Pmtr is one of my many C projects. Back to the pmtr Github page.
I wrote pmtr as a simple supervisory daemon for my own needs. Pmtr runs under systemd as well as other init mechanisms like sysvinit, etc. It can also run as process 1 inside a container. When installing on many flavors of Linux, it can detect the host init system and set itself up to start at boot appropriately. I wrote pmtr with a few goals in mind:
-
to have one configuration file listing all processes to run
-
to exist under (not to replace) the host init system
-
to run under various host init systems
-
to consume few resources
-
to have few features
-
no dependencies
It is written in C, supports Linux only, and is MIT licensed.
job {
name tunnel
cmd /usr/bin/ssh -i key -TNL 5901:127.0.0.1:5901 192.168.0.1
}
job {
name bitcoin-daemon
dir /home/bitcoin
cmd /usr/local/bin/bitcoind
user bitcoin
env HOME=/home/bitcoin
cpu 0-8
}
job {
name capture
dir /data
cmd /usr/sbin/tcpdump -i eth0 -s 0 -G 10 -w %Y%m%d%H%M%S.pcap
}
When pmtr is started, it starts all the jobs in pmtr.conf
, likewise, pmtr
terminates them when it is stopped.
In practice I let the host init system- often systemd- manage all the standard OS services. I use pmtr to run the local software- the parts that make up an appliance, often comprising a dozen or two dozen jobs that function together.

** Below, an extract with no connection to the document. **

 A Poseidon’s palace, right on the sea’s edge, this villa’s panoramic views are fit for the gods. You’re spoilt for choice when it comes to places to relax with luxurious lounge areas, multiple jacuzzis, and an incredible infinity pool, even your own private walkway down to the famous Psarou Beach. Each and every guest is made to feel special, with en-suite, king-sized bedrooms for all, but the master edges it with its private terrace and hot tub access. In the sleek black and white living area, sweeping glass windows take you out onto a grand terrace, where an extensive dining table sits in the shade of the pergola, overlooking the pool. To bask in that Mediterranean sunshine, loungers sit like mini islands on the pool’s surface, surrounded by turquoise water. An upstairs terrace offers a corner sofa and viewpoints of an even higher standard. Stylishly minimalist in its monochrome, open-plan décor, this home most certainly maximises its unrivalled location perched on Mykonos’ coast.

There are many options to use inside the job, listed later below.
Processes that run under pmtr should stay in the foreground, exit on SIGTERM or SIGKILL, and clean up after their own sub-processes when exiting.
If a job exits, pmtr restarts it. If it exits too quickly- less than 10 seconds after it started- pmtr delays its restart 10 seconds to avoid rapid cycling.

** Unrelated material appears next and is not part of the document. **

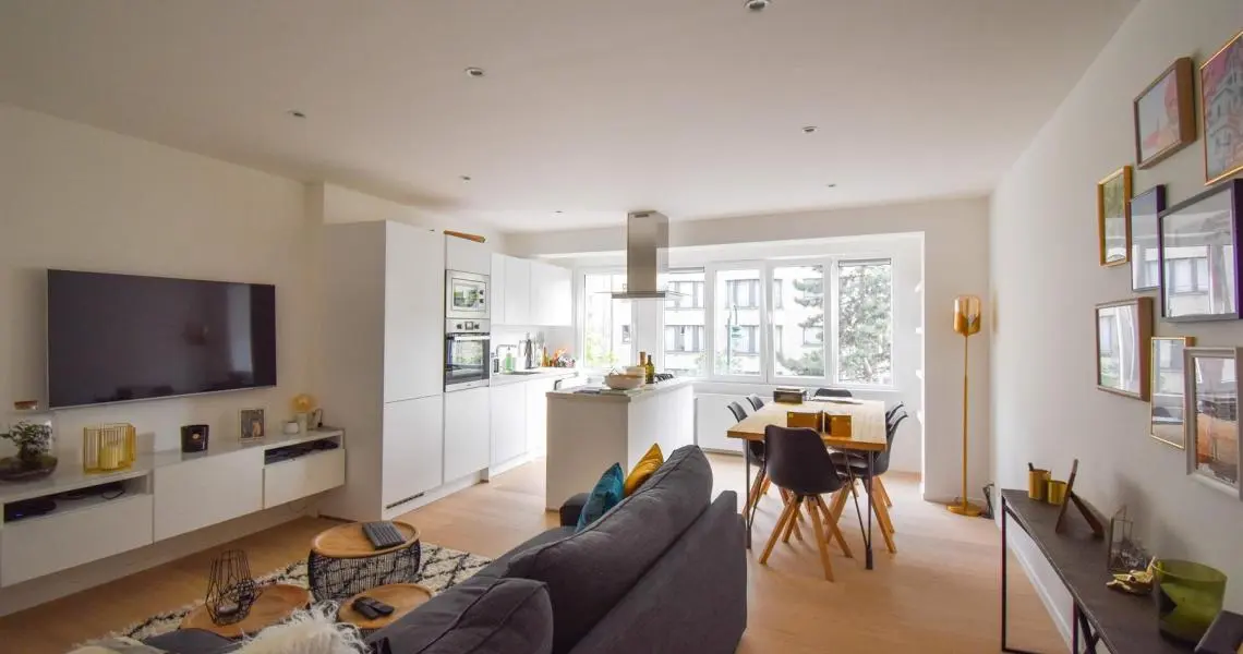 Forest, limite Uccle, à proximité de l'Altitude 100, en face du parc Duden, des commerces et transports en communs, superbe appartement entièrement rénové en 2018, calme, lumineux, parquet partout et offrant : hall d'entrée avec wc séparé, séjour de +/-30m2, cuisine américaine super équipée, chambre avec blacon, salle de douche. Double vitrage. Ascenseur. Cave. Parlophone. PEB : E. Charges de 175€/mois. Libre à l'acte. A saisir sans tarder !

If the operator edits pmtr.conf
and saves the file, the changes take effect
immediately. There is no need to tell pmtr to reload its configuration file.
Platforms
Pmtr runs on these flavors of Linux, and probably others:
-
Arch
-
Alpine
-
Debian
-
Ubuntu 12-18
-
CentOS/RHEL 5-8
-
Amazon Linux AMI 1/2
-
Raspberry Pi Raspbian
-
Beaglebone Black Debian
-
Yocto layer
Build & Install
Option 1: RPM
A RHEL/CentOS 7 x86_64 RPM package for pmtr can be found here.
Option 2: Build from source
To build pmtr from source follow these steps.
Install the prerequisite tools:
sudo apt install git build-essential autoconf automake
sudo yum install git gcc autoconf automake make
git clone https://github.com/troydhanson/pmtr.git
cd pmtr
./autogen.sh
./configure --bindir=/usr/bin --sysconfdir=/etc
make
sudo make install
sudo touch /etc/pmtr.conf
Do this to start pmtr automatically at boot.
cd initscripts
sudo ./setup-initscript --auto
Using setup-initscript --auto
detects common init managers like systemd and
sets up pmtr to start at boot. Run ./setup-initscript --help
to see further
options. Here’s an example of running it on Ubuntu based on systemd:
sudo ./setup-initscript --auto
initsystem : systemd
pmtr : /usr/bin/pmtr
services : /etc/systemd/system
initscript : /etc/systemd/system/pmtr.service
enabling : systemctl enable pmtr
starting service : systemctl start pmtr
You can look at the syslog to confirm it is now running.
grep pmtr /var/log/syslog # ubuntu
grep pmtr /var/log/messages # redhat/centos
You should see something like:
Nov 13 17:13:10 ubuntu systemd[1]: Started pmtr process manager.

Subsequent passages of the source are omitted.